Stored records
____________________

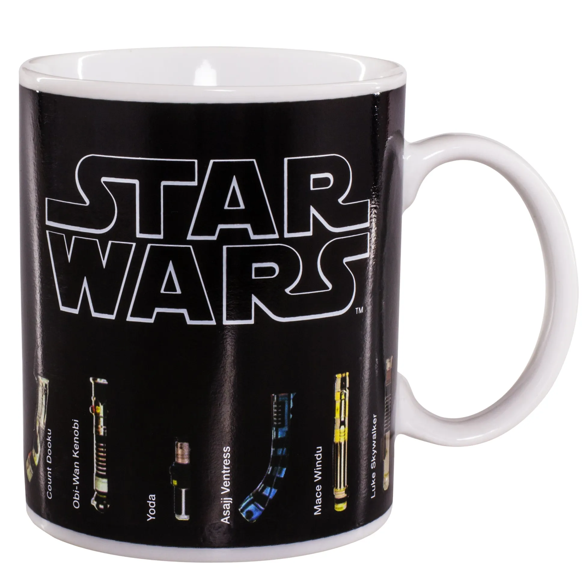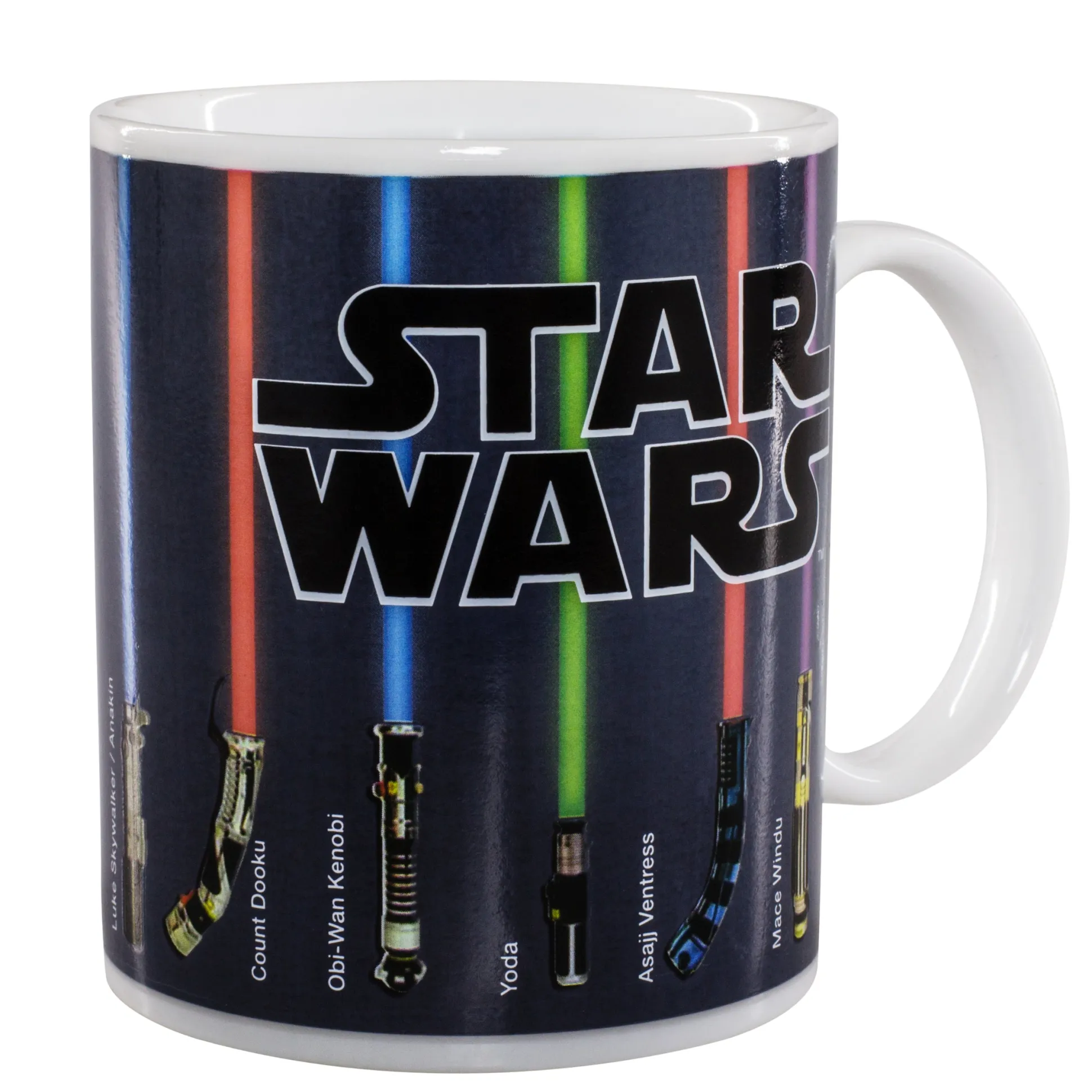 Zunächst zeigt der Becher allerdings nur die Griffe der Lichtschwerter, natürlich mit allen nötigen Details. Füllst Du etwas heiße Energie ein und fügst etwas Macht hinzu, also ein heißes Getränk wahlweise mit Zucker oder Milch, erscheinen die verschiedenen Klingen. Insgesamt 13 Lichtschwerter sind auf dem Becher unterhalb des Star Wars-Logos abgebildet; das Logo überschneidet die Klingen. Du willst es ganz genau wissen? Die Waffen dieser Figuren sind zu sehen: Qui-Gon Jinn, Kit Fisto, Darth Vader, Anakin/Luke Skywalker, Obi-Wan Kenobi, Darth Maul, Count Dooku, Yoda, Asajj Ventress, Mace Windu. Jedes Lichtschwert ist neben der Farbe am charakteristischen Griff zu erkennen. Damit Du nicht durcheinander kommst, stehen die Namen aber auch noch einmal daneben. 😉
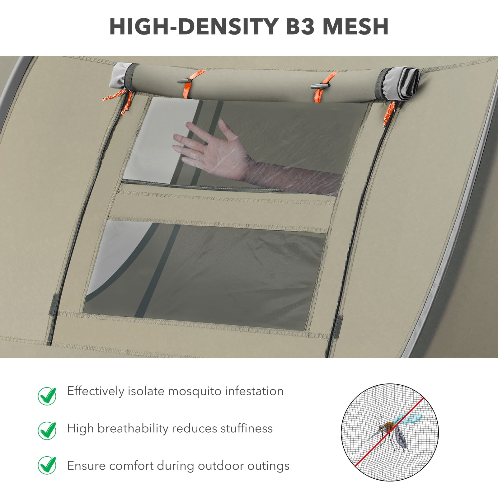 The camp tent features a 10-second setup. The instant design of the pop-up tent allows you to set up the inner tent within 1 minute. One person can set it up without any difficulty. PU taping for both rainfly seam and inner tent seam, PE Tube floor with welded corners, which keep the inside of the instant tent dry during light rain. You can connect the electrical cord easily, and the port of the instant camping tent can be fully closed when not in use. Includes tent stakes, carry bag, mud mat, gear pockets, and gear loft. The mesh roof and ground vent of the instant camp tent guaranteed much better ventilation compared to normal tents, this also minimizes the water condensing inside the tent at night.2 Side Huge Mesh Windows & Double Doors Two Side mesh windows on the left and right of the pop up tent allow for air circulation. With double doors on both the front and back of the pop up tent, it’s easy to step out from either side and provide enough airflow.
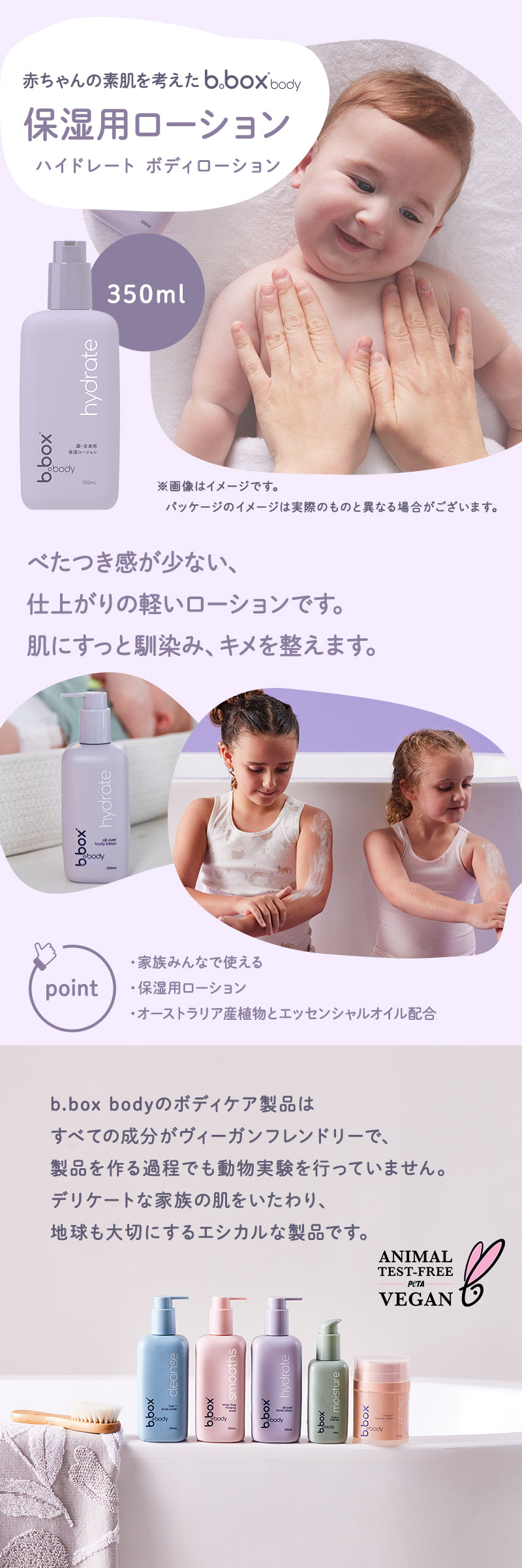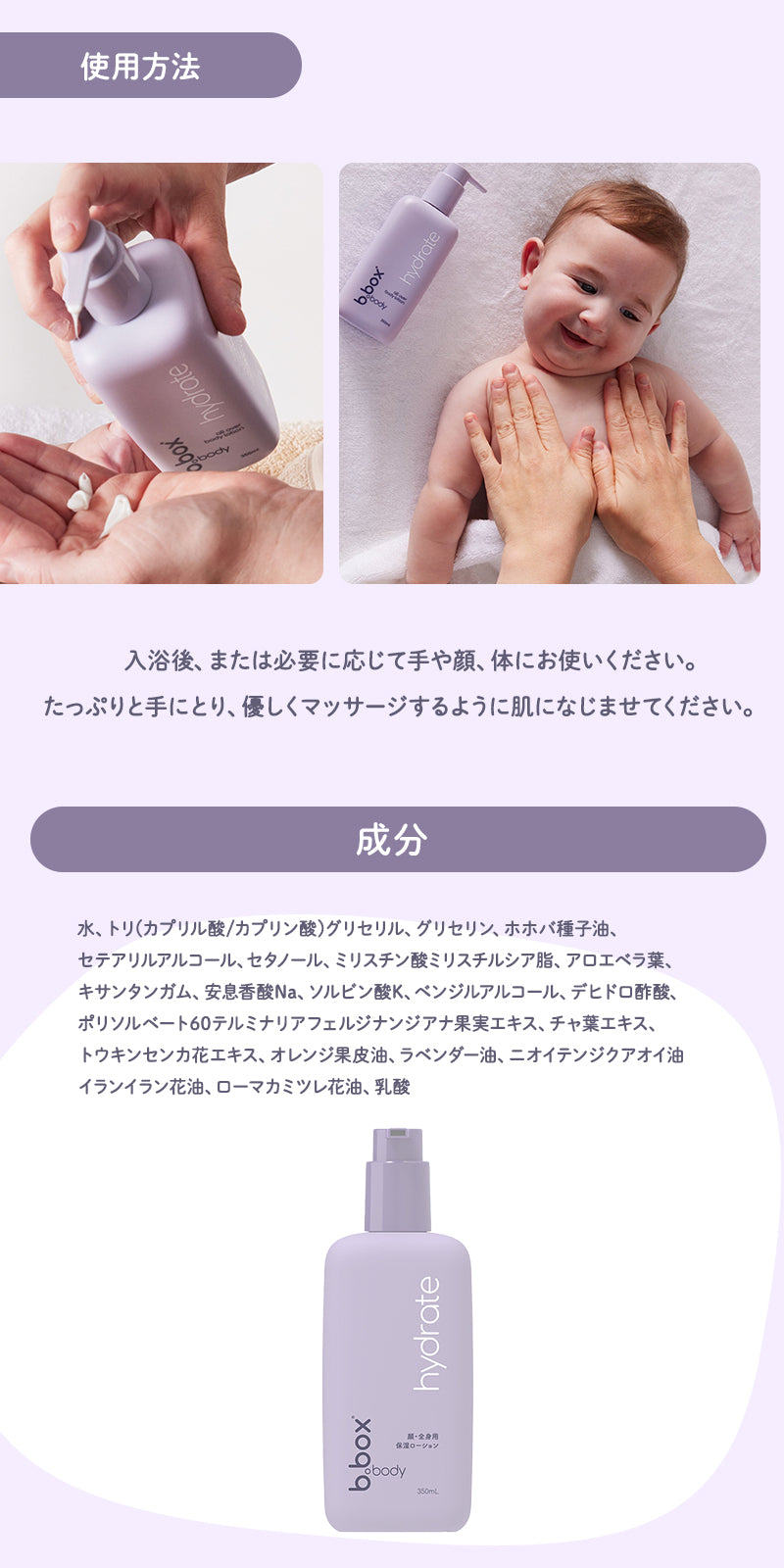 | 入浴後、または必要に応じて手や顔、体にお使いください。たっぷりと手にとり、優しくマッサージするように肌になじませてください。 b.box body クレンズ ヘア+ボディウォッシュ、b.box body スムース ミネラルソークのご使用後に、お使いいただくのがおすすめです。 |
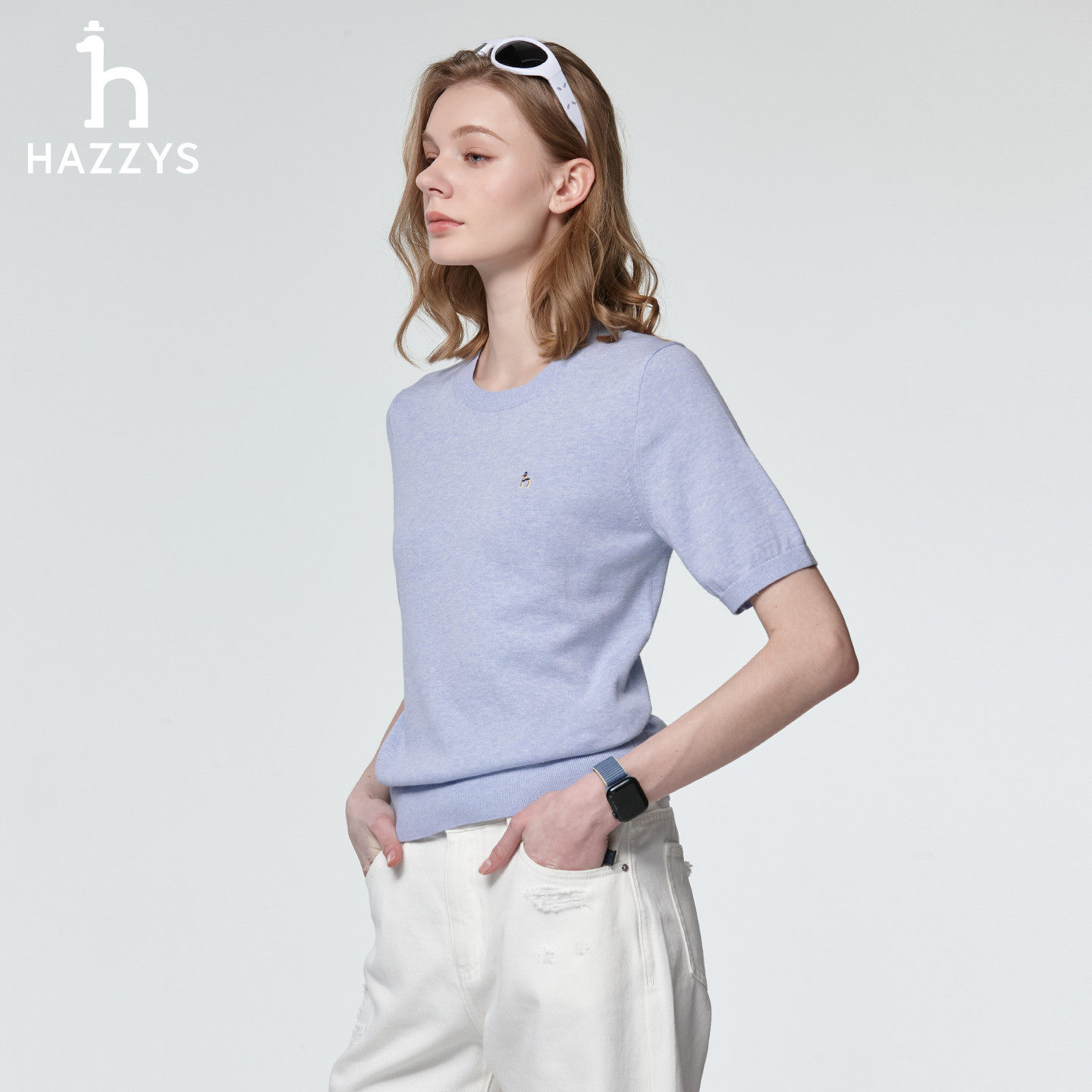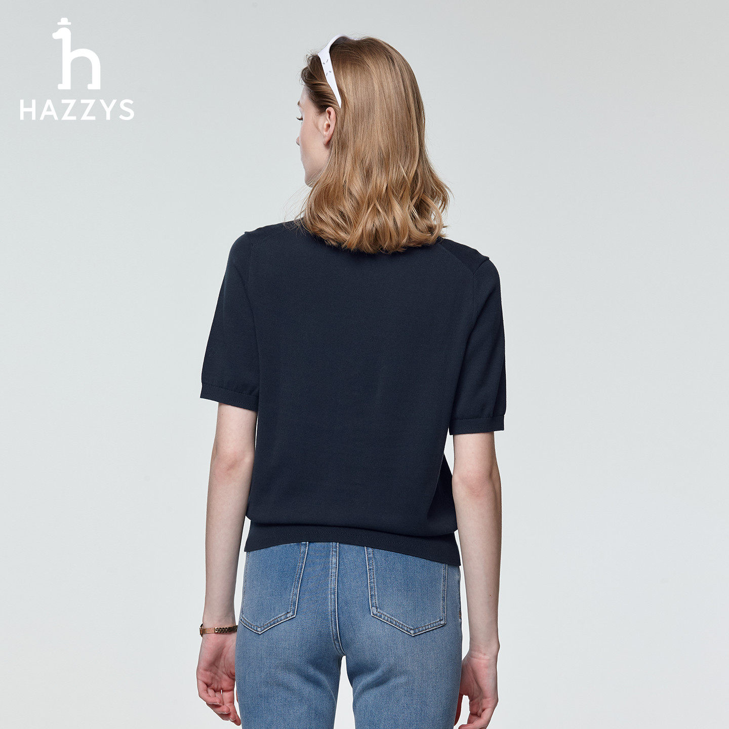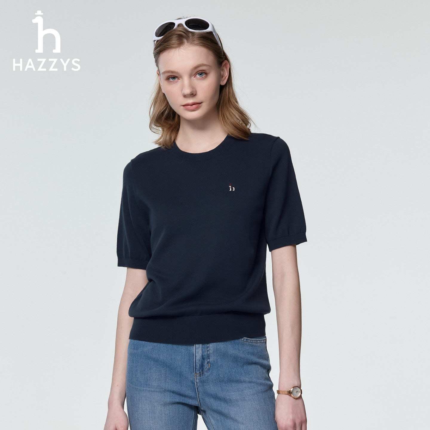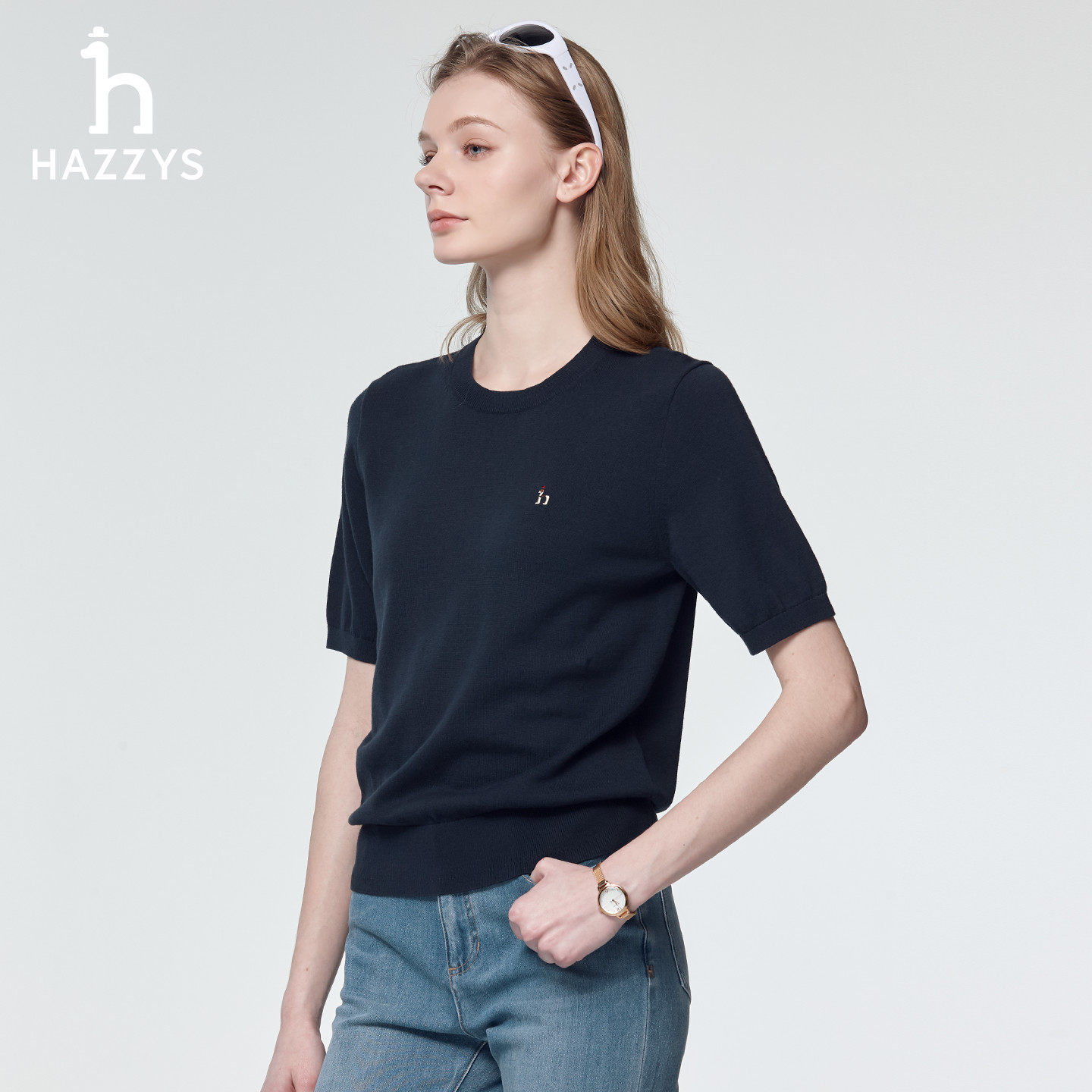 天猫Hazzys哈吉斯短袖针织衫女士春季时尚休闲通勤打底衫圆领套头上衣
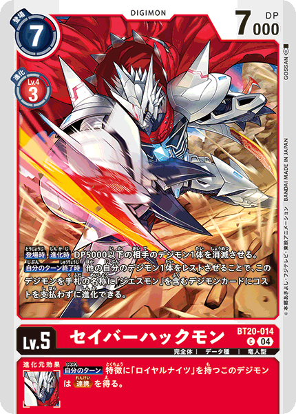 Lv.5 セイバーハックモン BT20-014 C 完全体 | データ種 | 竜人型 【登場時】【進化時】DP5000以下の相手のデジモン1体を消滅させる。 【自分のターン終了時】他の自分のデジモン1体をレストさせることで、このデジモンを手札の名称に「ジエスモン」を含むデジモンカードにコストを支払わずに進化できる。 --- 【自分のターン】特徴に「ロイヤルナイツ」を持つこのデジモンは≪連携≫を得る。
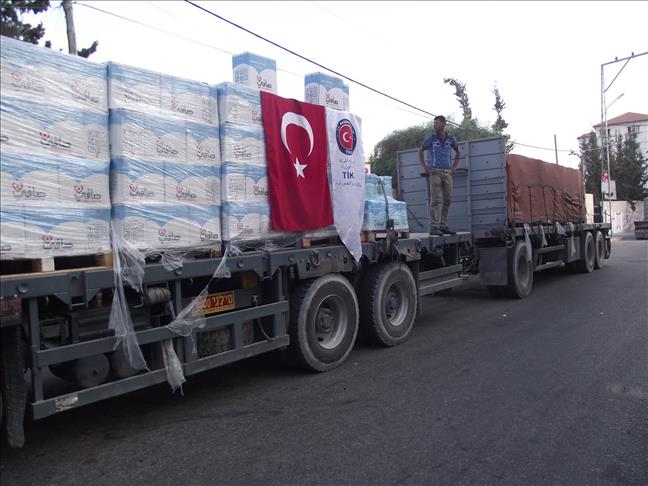 Hazırlanan yardım malzemeleri yüklemesi tamamlandıktan sonra İsrail'in Gazze sınırındaki Kerem Ebu Salim Sınır Kapısı'ndan geçerek Gazze'ye ulaştırılacak.
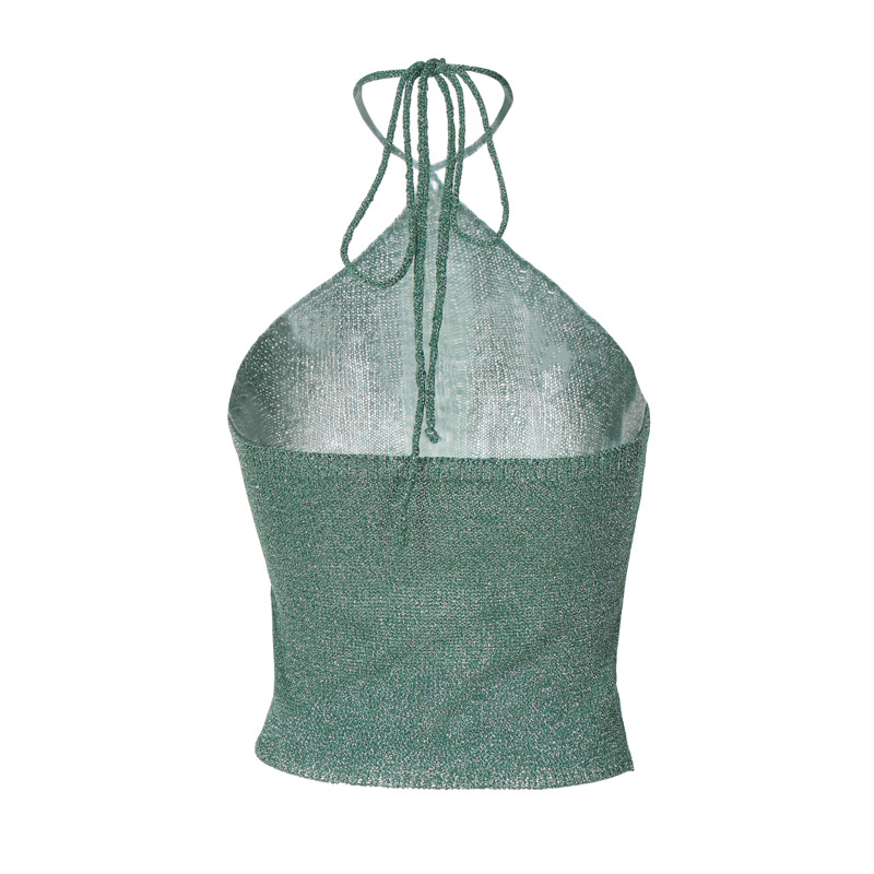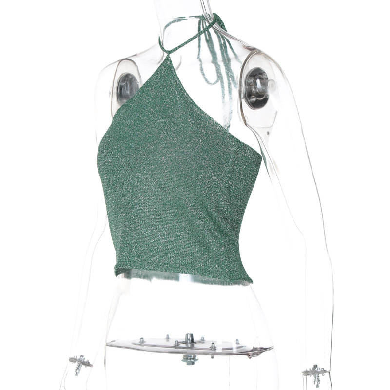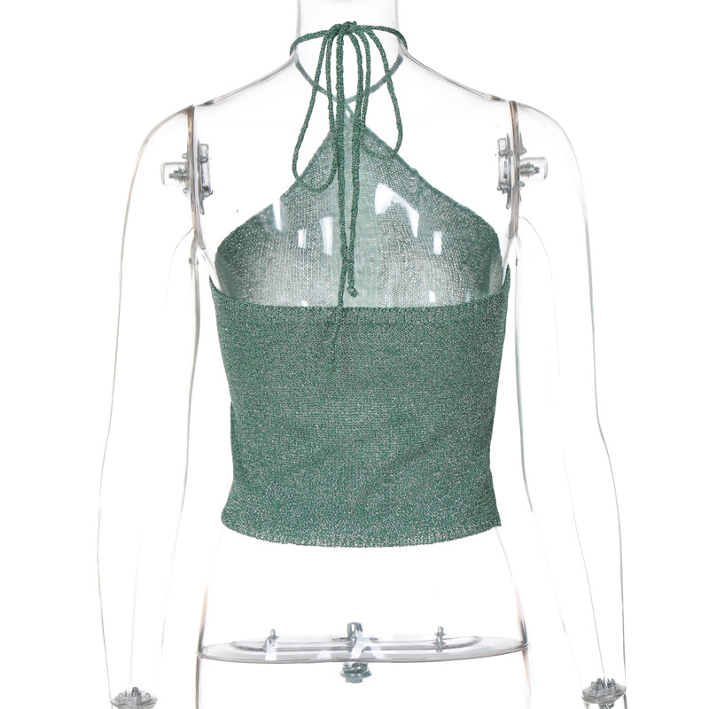 Solid-color, Versatile, Form-fitting Knit Camisole With A Wrap-style Bust And Halter Neck

____________________

* WHAT IS REQUIRED: Because the copy must hold no pictures, return only the lines that run from the line containing "Hazırlanan yardım malzemeleri" to the end of the data above, each exactly as it stands.

* TASK SOLUTION:
 Hazırlanan yardım malzemeleri yüklemesi tamamlandıktan sonra İsrail'in Gazze sınırındaki Kerem Ebu Salim Sınır Kapısı'ndan geçerek Gazze'ye ulaştırılacak.
 Solid-color, Versatile, Form-fitting Knit Camisole With A Wrap-style Bust And Halter Neck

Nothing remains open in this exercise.